In the four years of doing the company so far, I have learned many things that are beyond my imagination. Here are some of the (good) lessons learned so far.

  • First Jump: from Technology to Products.
    To turn novel techniques to a successful business, we need to jump over two challenging gaps. The first one is between the techniques and products. In the research phase (especially at universities) we tend to focus on new ideas and prototyping as a proof of concept. However, the fact “it works!” doesn’t mean “it’s a product.” A significant amount of effort needs to be put into product development to make sure it is reliable and easy to use, and can meet customers’ needs. Talking to customers is very eye opening, and very often they mention new features that are indeed very challenging from a research perspective, such as concurrency control and real-time updates, to name a few.
  • Second Jump: from Products to Business.
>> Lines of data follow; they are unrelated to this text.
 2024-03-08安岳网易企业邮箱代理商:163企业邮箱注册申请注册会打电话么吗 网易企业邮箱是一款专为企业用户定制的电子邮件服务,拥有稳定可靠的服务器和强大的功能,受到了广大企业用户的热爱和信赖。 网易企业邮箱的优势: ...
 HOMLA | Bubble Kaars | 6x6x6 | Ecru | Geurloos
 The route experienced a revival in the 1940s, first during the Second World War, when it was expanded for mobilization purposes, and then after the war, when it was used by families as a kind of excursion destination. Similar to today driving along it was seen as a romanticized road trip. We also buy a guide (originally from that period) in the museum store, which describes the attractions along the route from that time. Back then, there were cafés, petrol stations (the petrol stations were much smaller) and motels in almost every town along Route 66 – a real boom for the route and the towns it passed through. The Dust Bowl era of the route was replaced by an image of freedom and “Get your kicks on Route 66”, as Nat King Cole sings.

    Good products don’t necessarily mean a successful business. A lot of effort is needed in non-technical areas, such as marketing, sales, fund raising, accounting, and legal paperwork. With a technical background, many researchers (including myself) are not “built” to be good at everything, thus we need to find good partners to develop the company in these directions. Therefore, finding the right partners to work with is extremely important, and I am very happy that SRCH2 has a strong team of members with complementary backgrounds.
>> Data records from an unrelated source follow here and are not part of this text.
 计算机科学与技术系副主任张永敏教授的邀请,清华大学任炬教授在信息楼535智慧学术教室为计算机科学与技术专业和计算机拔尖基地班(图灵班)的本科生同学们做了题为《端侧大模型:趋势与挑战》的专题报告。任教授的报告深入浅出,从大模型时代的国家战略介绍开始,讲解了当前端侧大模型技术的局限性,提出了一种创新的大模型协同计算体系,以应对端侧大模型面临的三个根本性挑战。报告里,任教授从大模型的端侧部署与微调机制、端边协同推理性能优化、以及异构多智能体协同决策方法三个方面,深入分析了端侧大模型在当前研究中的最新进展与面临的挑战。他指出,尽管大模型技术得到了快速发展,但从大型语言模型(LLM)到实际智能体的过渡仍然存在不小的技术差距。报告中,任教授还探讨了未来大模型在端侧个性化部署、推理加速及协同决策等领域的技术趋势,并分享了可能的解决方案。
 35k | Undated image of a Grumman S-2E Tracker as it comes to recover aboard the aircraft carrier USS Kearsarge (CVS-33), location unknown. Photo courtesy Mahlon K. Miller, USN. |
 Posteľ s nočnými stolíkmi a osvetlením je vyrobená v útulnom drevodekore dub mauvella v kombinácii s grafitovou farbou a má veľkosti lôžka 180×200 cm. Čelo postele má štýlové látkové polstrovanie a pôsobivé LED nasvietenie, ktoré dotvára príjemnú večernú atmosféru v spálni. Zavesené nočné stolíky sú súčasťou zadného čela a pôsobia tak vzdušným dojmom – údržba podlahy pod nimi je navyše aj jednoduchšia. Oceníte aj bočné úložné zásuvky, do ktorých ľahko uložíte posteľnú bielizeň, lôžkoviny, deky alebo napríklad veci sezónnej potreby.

  • Gaining Hands-On Experiences.
    As a researcher, I have always tried to be hands on in projects, and it’s one of the reasons for the success of the Flamingo project. A startup needs this skill even more, and product development needs good software engineering. This experience and training benefit my research as well, since I can give students a lot of low-level suggestions on their research.
  • Better Balancing skills.
    It’s challenging to balance between a faculty job and a startup, since both are very demanding, not to mention we have a family :-). This situation requires stronger skills to manage time, work efficiently, and communicate well with people.

In summary, my entrepreneurship experiences have been challenging but enjoyable and educational. I hope more of you take the adventure and commercialize your research. It can help you “think different.”

Blogger’s Profile:
Chen Li is a professor in the Department of Computer Science at the University of California, Irvine. He received his Ph.D.degree in Computer Science from Stanford University in 2001, and his M.S. and B.S. in Computer Science from Tsinghua University, China, in 1996 and 1994, respectively. He received a National Science Foundation CAREER Award in 2003 and many other NSF grants and industry gifts. He was once a part-time Visiting Research Scientist at Google. His research interests are in the fields of data management and information search, including text search and data-intensive computing. He was a recipient of the SIGMOD 2012 Test-of-Time award. He is the founder of SRCH2, a company providing powerful search solutions for enterprises and developers.